Background information
- Born: Paulo Sergio Gómez Sánchez 2 June 1973 Ciudad Hidalgo, Michoacán, Mexico
- Died: 2 December 2007 (aged 34) Morelia, Michoacán, Mexico
- Genre: Duranguense
- Occupations: Singer, Producer
- Years active: 2002–2007
- Label: Univision
- Formerly of: K-Paz de la Sierra AK-7

= Sergio Gómez (singer) =

Paulo Sergio Gómez Sánchez (2 June 1973 – 2 December 2007) was a Mexican singer who was the founder and lead vocalist of the duranguense band K-Paz de la Sierra.

==Biography==
He was born in the city of Ciudad Hidalgo, Michoacán in 1973. In 2003, while working in Chicago in the United States, he created K-Paz de la Sierra with other native Mexicans also working in Chicago.
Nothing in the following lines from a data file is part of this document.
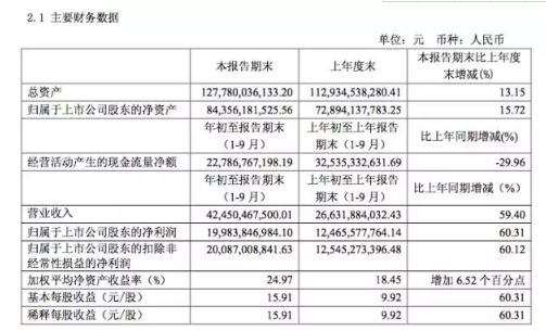 报告显示,茅台前三季度,贵州茅台共营收424.5亿元,同比增长59.40%;净利润199.84亿元,同比增长60.31%。
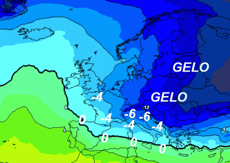Sull’Italia vengono mostrate isoterme comprese tra -4 e -6° al nord e al centro, con gelo massivo più ad est. L’isoterma 0° toccherebbe invece la Sicilia e il sud della Sardegna.
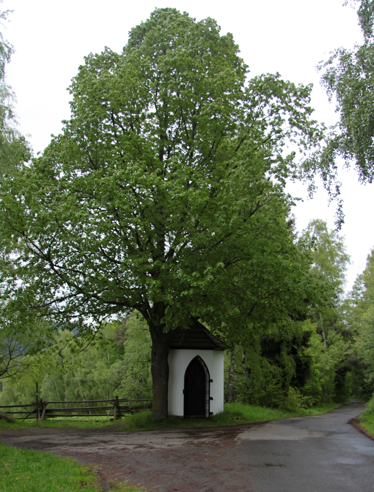 Malá kaplička u obce Červená na silnici od Kašperských Hor asi 100m před cedulí označující začátek obce Červená.
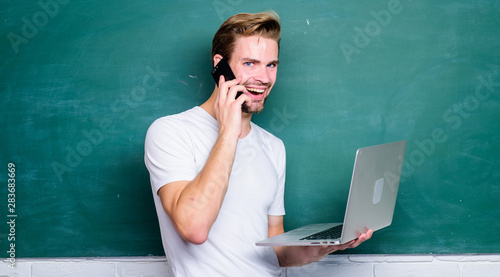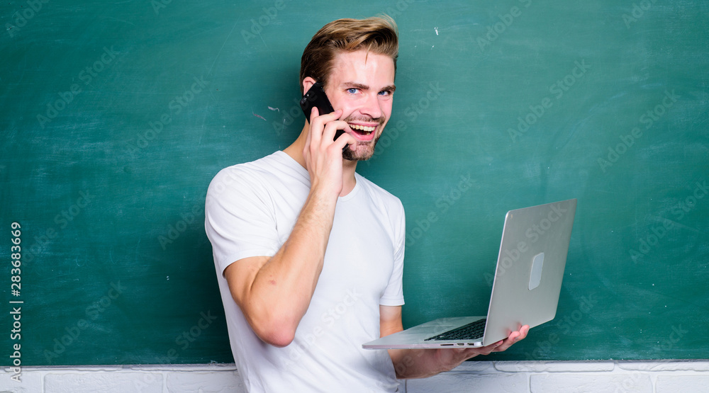 Advantage mobile internet - handsome man use modern technologies - digital concept - online communicatiWall mural
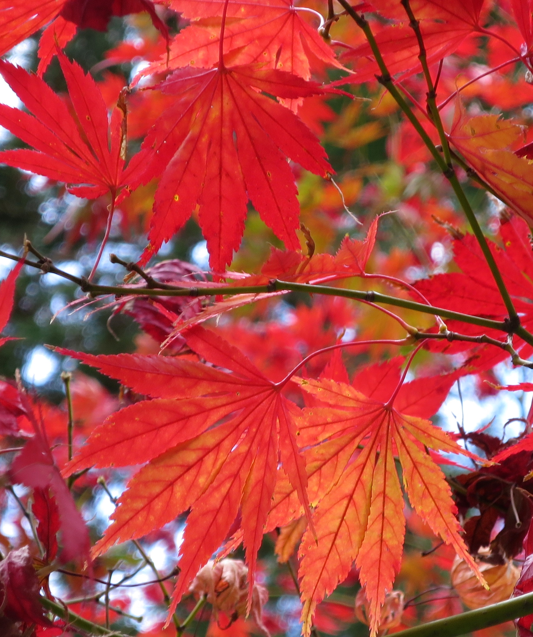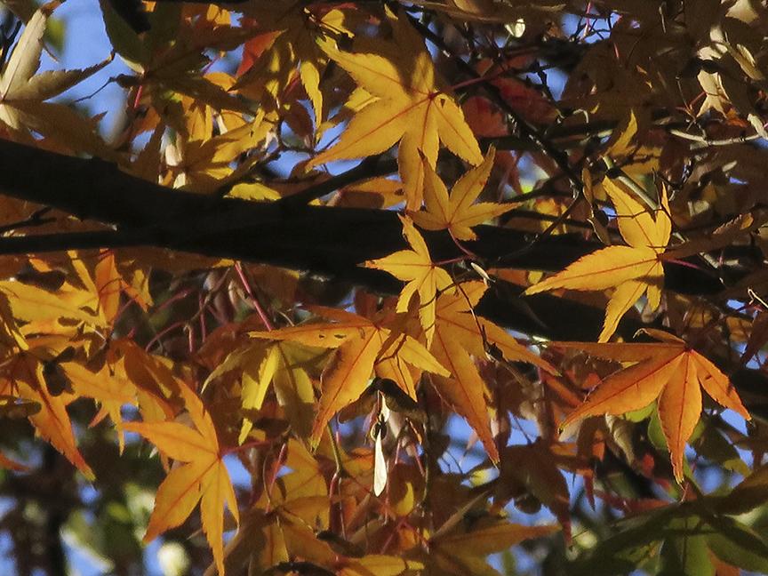 There are many different kinds of momiji in the Japanese garden at Showa Kinen Park, showing off different shades of yellow, orange and red at the same time.

Gomez lived in Avon, Indiana, just west of Indianapolis.

===Death===
Following a concert in the state of Michoacán, while traveling in a car in the early hours of a Sunday morning, Gómez and two of the group's representatives were abducted by a group of gunmen. The other passengers were later released, but Gómez's dead body was found on Morelia's outskirts, bearing signs of torture. His body had signs of severe beating and strangling, with bruises all over his chest and abdomen; his face was burned with a cigarette lighter. Early evidence suggests that the murder might have been due to Sergio dating a woman that belonged to a Narco, a stronghold for drug related gangs.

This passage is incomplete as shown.